= Pinacocyte =

Flat cell found in sponges

Pinacocytes are flattened cells that cover the external surface and line portions of the internal canal system of sponges. Pinacocytes are key to protect and maintain the structure of the sponge, as well play a critical role in signaling, contraction, phagocytosis, and regulation of water flow. Pinacocytes can be broken down into three main types. Exopinacocytes found on the other surface, endopinacytes which line internal canals, and basipinacocytes which are key for contraction.

==Structure and Morphology==
Pinacocytes are thin, flattened cells whose unique morphology and structure allow them to form a protective layer along sponge surfaces similar to epithelia in vertebrates. Depending on location of the pinacocytes their structure can change.

--Insert Pictures of each type--

==Function==
Pinacocytes are part of the epithelium in sponges. Pinacocytes contribute to several physiological processes in sponges, including contraction, signaling, phagocytosis, and regulation of the internal environment. Pinacocytes can coordinate contraction to alter the diameter of canals and help expel water from the sponge. Pinacocytes form the outer cell boundary enclosing the mesohyl which is a gel like substance that helps maintain the shape and structure of the sponge.

==Types of Pinacocytes==
Pinacocytes are classified into different types according to their location and role within the sponge body.
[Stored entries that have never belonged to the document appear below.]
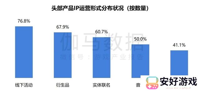 如上所述,更多用户关注游戏之外的IP价值提升,而在多元化的提升形式中,本次报告重点研究“线下活动”“实体联名”“衍生品”“音乐” 4种形式,上述运营形式正逐渐趋于常态化,头部产品中均有50%及以上布局。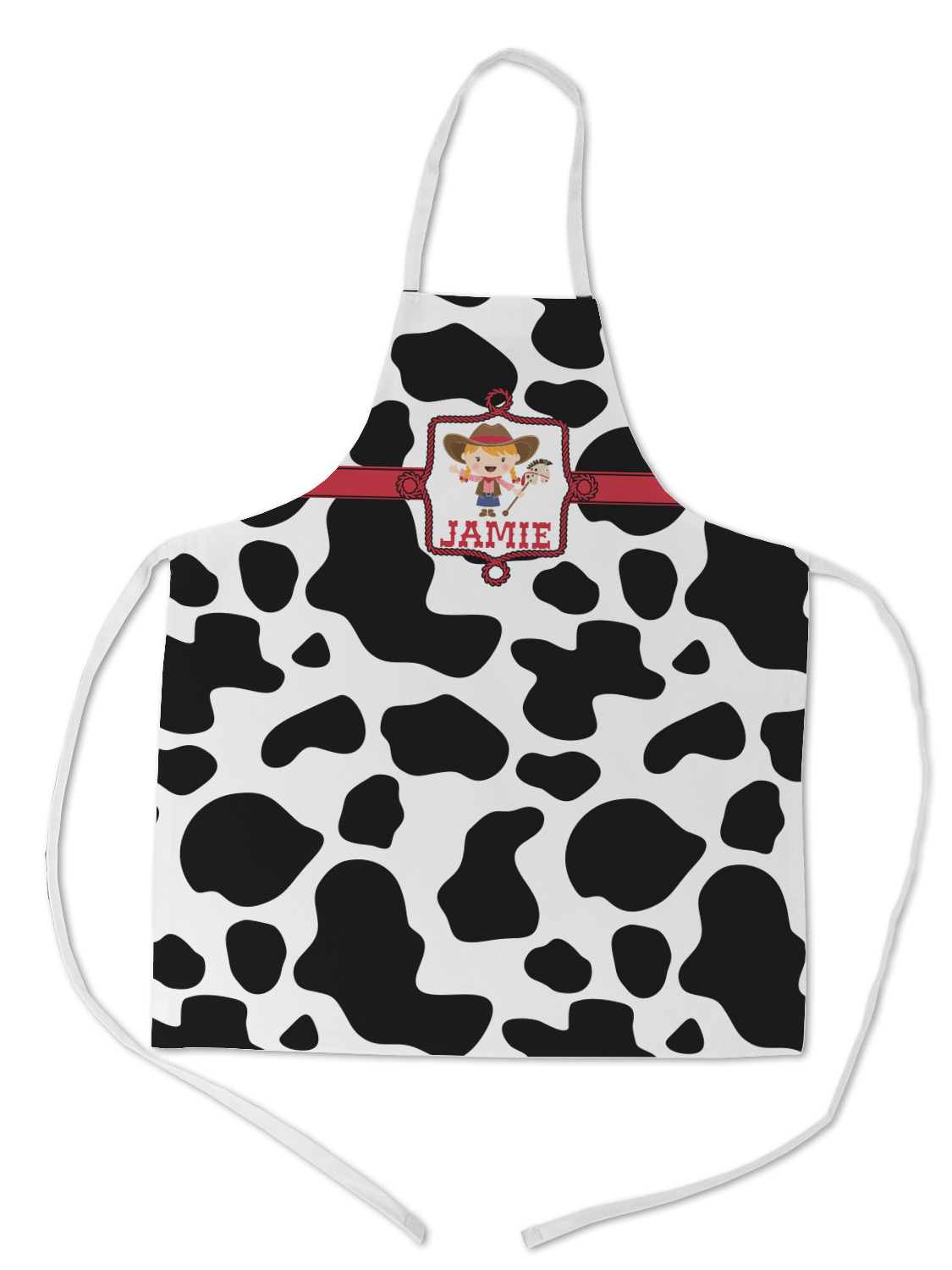 This western themed design is perfect a cowboy or cowgirl. The background is cow print, with a red ribbon in the center. The label is made of rope and you can customize it by choosing a cowgirl or a cowboy.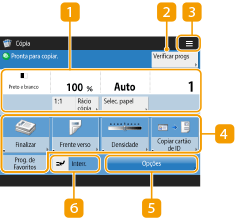 Apresenta o estado das programações, como o rácio de cópia, o formato de papel e o número de cópias. Não se esqueça de confirmar as programações para uma cópia correta. Para alterar as programações, carregue no botão sob a secção de apresentação.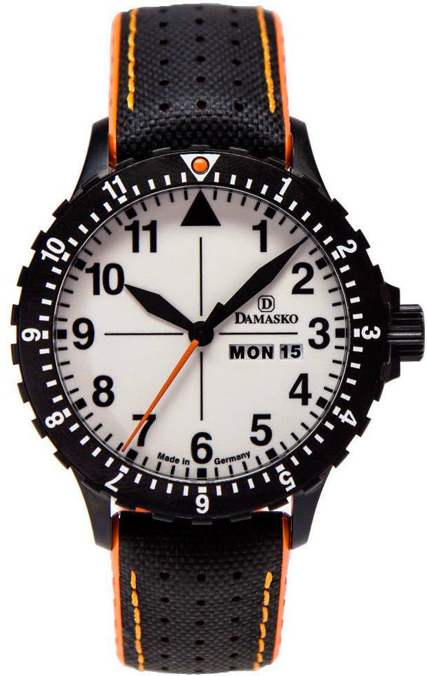 Damasko Watch DA 43 Black Robby Black Orange. The contrast is clearly paramount here. All stainless steel components are provided with the patented and scratch resistant coating, the dial shines in white, refined through the more energetic color orange and uncountable technical features the timekeeper will get a certain something. Enabling the best readability of the also entirely hardened bezel, the numbers are painted with white color and a white triangle with an orange Bilight as a main feature.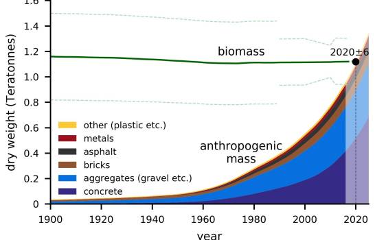 La masa de todo lo fabricado por los seres humanos ha crecido hasta igualar a la masa de toda la vida en el planeta, su biomasa, y tras una momentánea desaceleración debida a la pandemia del coronavirus, esta acumulación seguirá aumentando hasta sobrepasarla, con la posibilidad de duplicarla en el 2040.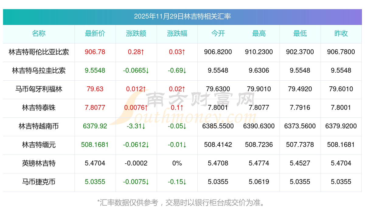2025年11月29日林吉特相關匯率查詢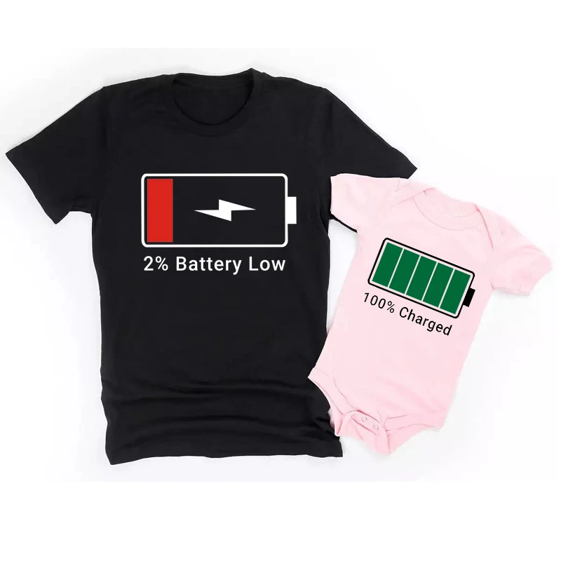 Забавные Семейные рубашки Мама и я; Низкий заряд аккумулятора; Руба...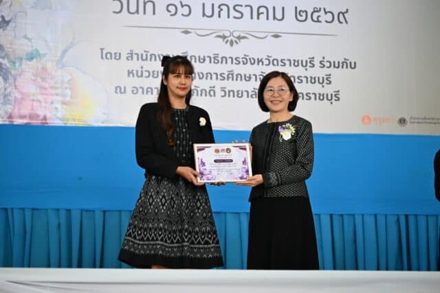 โอกาสนี้ ผู้ว่าราชการจังหวัดราชบุรี ได้ให้เกียรติมอบเกียรติบัตรยกย่องเชิดชูเกียรติแก่ครูและบุคลากรทางการศึกษาที่มีผลงานดีเด่น เพื่อเป็นขวัญและกำลังใจในการปฏิบัติหน้าที่พัฒนาเยาวชนของชาติต่อไป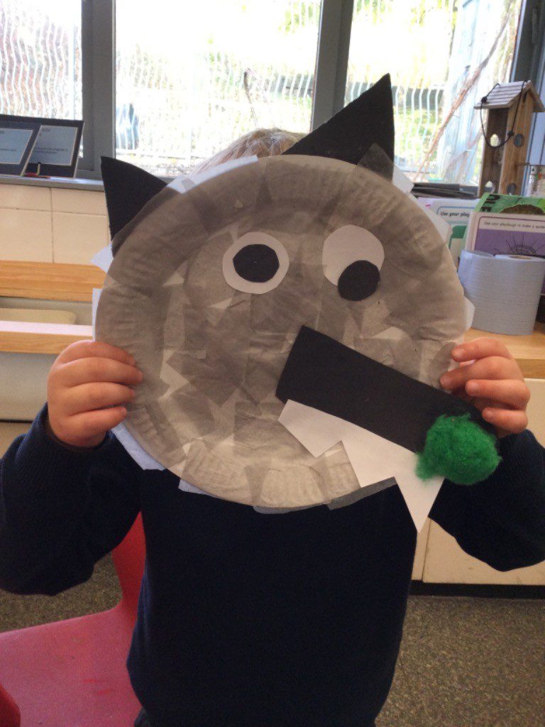 Big Bad Wolf Masks – We have continued our Little Red Riding Hood focus in our creative area in the Opal Learning Zone. The children have had the opportunity to produce their own Big Bad Wolf mask. This has been a fantastic opportunity to develop fine motor skills as the children ripped up tissue paper and used glue spreaders effectively. The masks are currently being published on the windows, so if you are walking past have a sneak peek!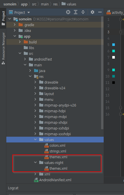 아래 화면처럼 res 파일 -> value 파일 -> theme.xml 파일을 수정해야 합니다.
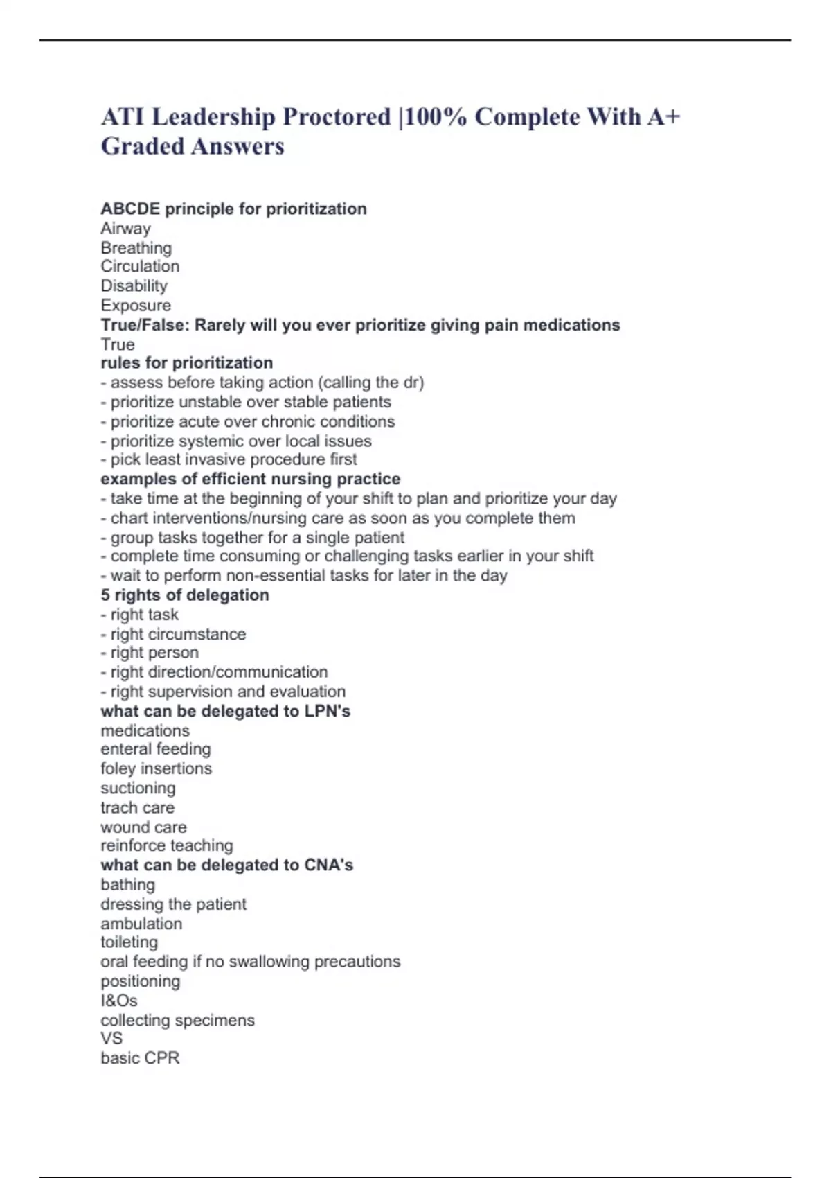 ATI Leadership Proctored |100% Complete With A+ Graded Answers ABCDE principle for prioritization Airway Breathing Circulation Disability Exposure True/False: Rarely will you ever prioritize giving pain medications True rules for prioritization - assess before taking action (calling the dr) - prioritize unstable over stable patients - prioritize acute over chronic conditions - prioritize systemic over local issues - pick least invasive procedure first examples of efficient nursing practice - take time at the beginning of your shift to plan and prioritize your day - chart interventions/nursing care as soon as you complete them - group tasks together for a single patient - complete time consuming or challenging tasks earlier in your shift - wait to perform non-essential tasks for later in the day 5 rights of delegation - right task - right circumstance - right person - right direction/communication - right supervision and evaluation what can be delegated to LPN's medications enteral feeding foley insertions suctioning trach care wound care reinforce teaching what can be delegated to CNA's bathing dressing the patient ambulation toileting oral feeding if no swallowing precautions positioning I&Os collecting specimens VS basic CPR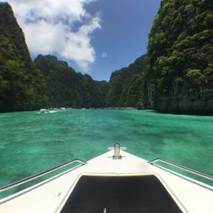 全て英語でのガイドとのことで若干の不安はありましたが、スタッフの皆様はとても気さくで面白く、おもてなしをしてくださりました。早朝スタートのため綺麗な日の出を見ることができましたし、人気のマヤビーチも人が少なく、とても得をした気分になりました。シュノーケリングやラグーンで泳ぐこともできますが、ツアーに参加された方の中には船の中に留まる方もいて、アクティビティへの参加が強制されない雰囲気も、とても心地よかったと思います。ツアーに参加しなければこんなにたくさんの島を回ることはできないと思いますので、参加してとてもよかったです!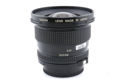 Manual focus wide-angle lens made for FD-mount 35mm SLRs introduced by Canon. It uses the newer style FDn bayonet mount. Metal & plastic body available in black.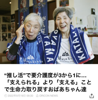 サッカーを応援するようになったら、体の機能が超回復してしまうお年寄りが激増中! という素敵なお話。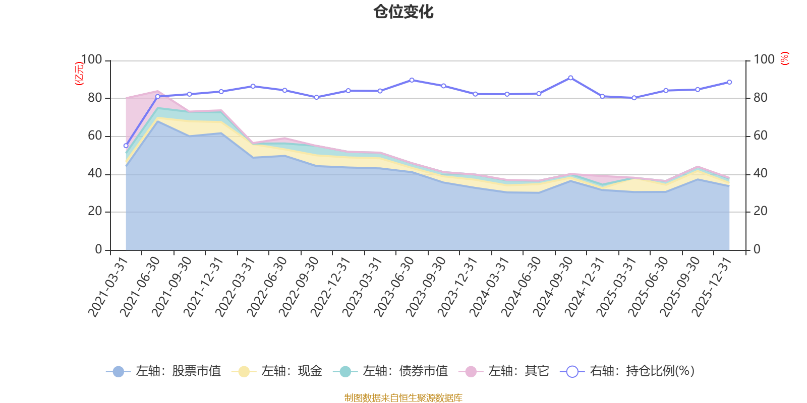 据定期报告数据统计,近三年平均股票仓位为84.73%,同类平均为88.36%。2024年三季度末基金达到90.86%的最高仓位,2021年一季度末最低,为55.07%。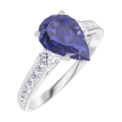 Anillo Oro blanco 9 quilates - Zafiro azul Pera 1 quilates - Piedras laterales Diamante - Engastado Diamante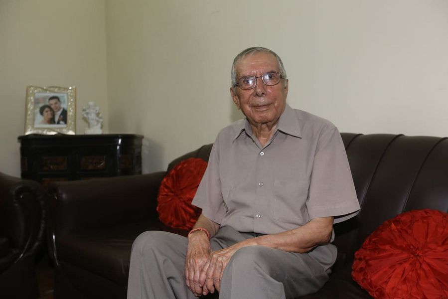 Basudev Sharma, 88, rests at his home in Kathmandu, Nepal, Sept. 3, 2019. (Xinhua/Zhou Shengping)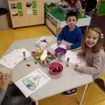 At our Creation Station, we designed our own mittens and wooly hats and made clothes out of playdoh. We learned all about the famous artist, Jackson Pollock, and tried to recreate his painting style using wool and clothes pegs.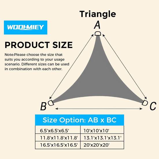 白菜价!WODHMIEY 5 x 5 x 5米 防紫外线三角遮阳篷3.4折 13.66加元清仓!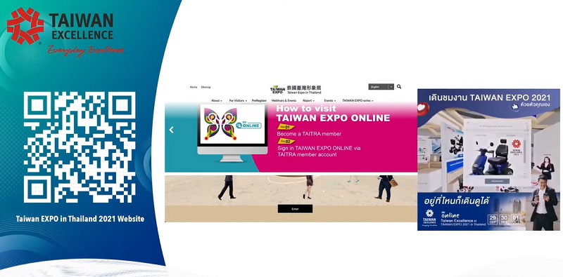 นอกจากงานสัมมนาออนไลน์นี้แล้ว ทั้ง 4 บริษัท ยังจัดแสดงผลิตภัณฑ์ในงาน “Taiwan Expo 2021 in Thailand online” ซึ่งจัดขึ้นระหว่างวันที่ 29 กันยายน ถึง 31 ต.ค. 2564 นอกจากนี้ ยังมีผลิตภัณฑ์ที่ได้รับรางวัล Taiwan Excellence Award อีก 39 ผลิตภัณฑ์มาร่วมจัดแสดง มีตั้งแต่ผลิตภัณฑ์ทางการแพทย์และด้านความงาม อุปกรณ์กีฬาและสันทนาการ ผลิตภัณฑ์สำหรับอุตสาหกรรม การขนส่ง ไปจนถึงฮาร์ดแวร์ต่างๆ โดยสามารถเข้าร่วมงานได้ที่เว็บไซต์ https://thai.taiwanexpoasean.com/en/index.html (เว็บไซต์เปิดให้เข้าชมงานตั้งแต่ 22 ก.ย. ถึง 29 ต.ค.)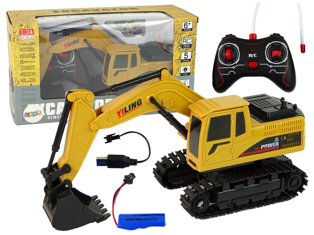 - R/C bagrovací vozidlo 1:24 v zářivě žluté barvě je dynamická a funkční hračka, která dětem poskytne hodiny vzrušující zábavy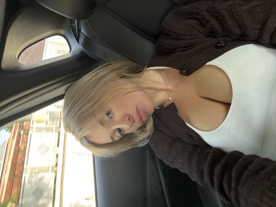 A blonde-haired female is depicted from the upper torso upwards, seated inside the rear of a vehicle, possibly a car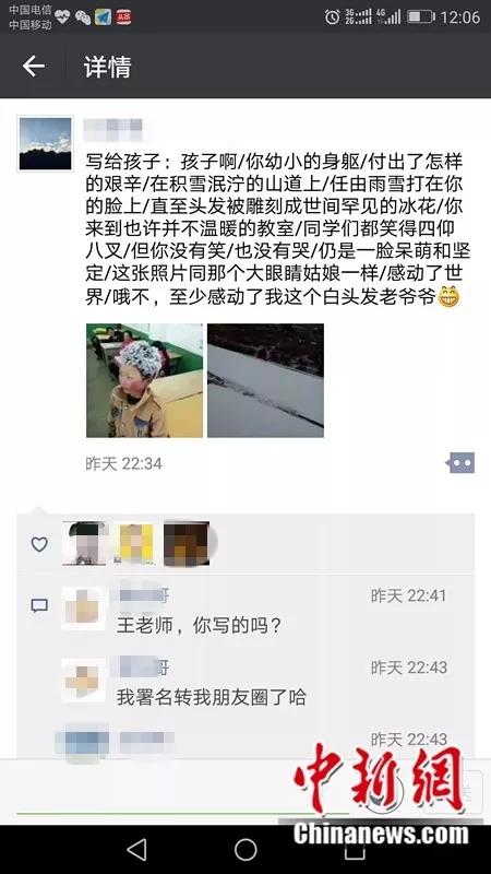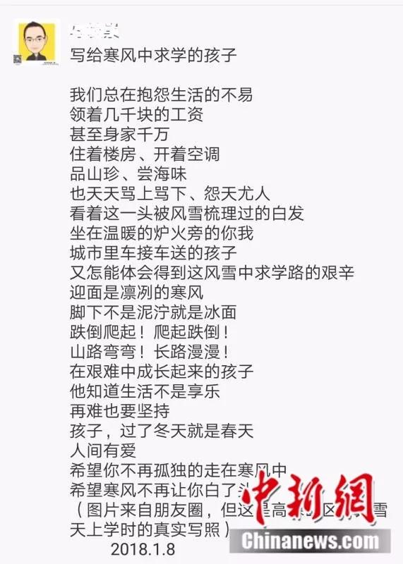 照片拍摄当日,是学校期末考试的第一天,早上气温零下几度。孩子步行一个多小时到教室后,头发就结满了冰霜。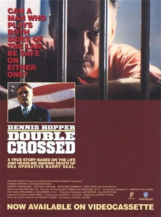 DOUBLECROSSED (1991) DIR Roger Young PROD Ronald Tanet TELEPLAY Roger Young (story by Roger Young, Alex Lasker) CAM Donald M. Morgan ED Benjamin A. Weissman MUS Richard Bellis CAST Dennis Hopper, Robert Carradine, Richard Jenkins, Adrienne Barbeau (Debbie Seal), Don Wood, G. W. Bailey, Danny Trejo, Salvador Levy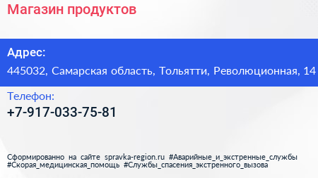 Магазин продуктов по адресу 445032, Самарская область, Тольятти, Революционная, 14 в дальнейшем Организация, размещена в следующих категориях: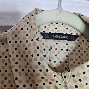 Zara Basics Women's Polka Dot Geometric Button-down Blouse Top Shirt Cream/Tan Multi-color size Small

Types include: Basipinacocytes, Exopinacocytes, and Endopinacocytes

=== Basipinacocytes ===
These are the cells in contact with the sponge's substrate (the surface to which it is attached).
=== Exopinacocytes ===
These are found on the exterior of the sponge. Exopinococytes produce spicules which is a needle like process that serves as structure for the organism.

=== Endopinacocytes ===
These line the sponge's interior canals.

==Development and Differentiation==
Pinacocytes arise through cellular differentiation from stem and progenitor cells and are part of sponges’ cell renewal process.

==Evolutionary Significance==
The characteristics of pinacocytes have made them a target for investigating the evolutionary steps modern day epithelia has been through.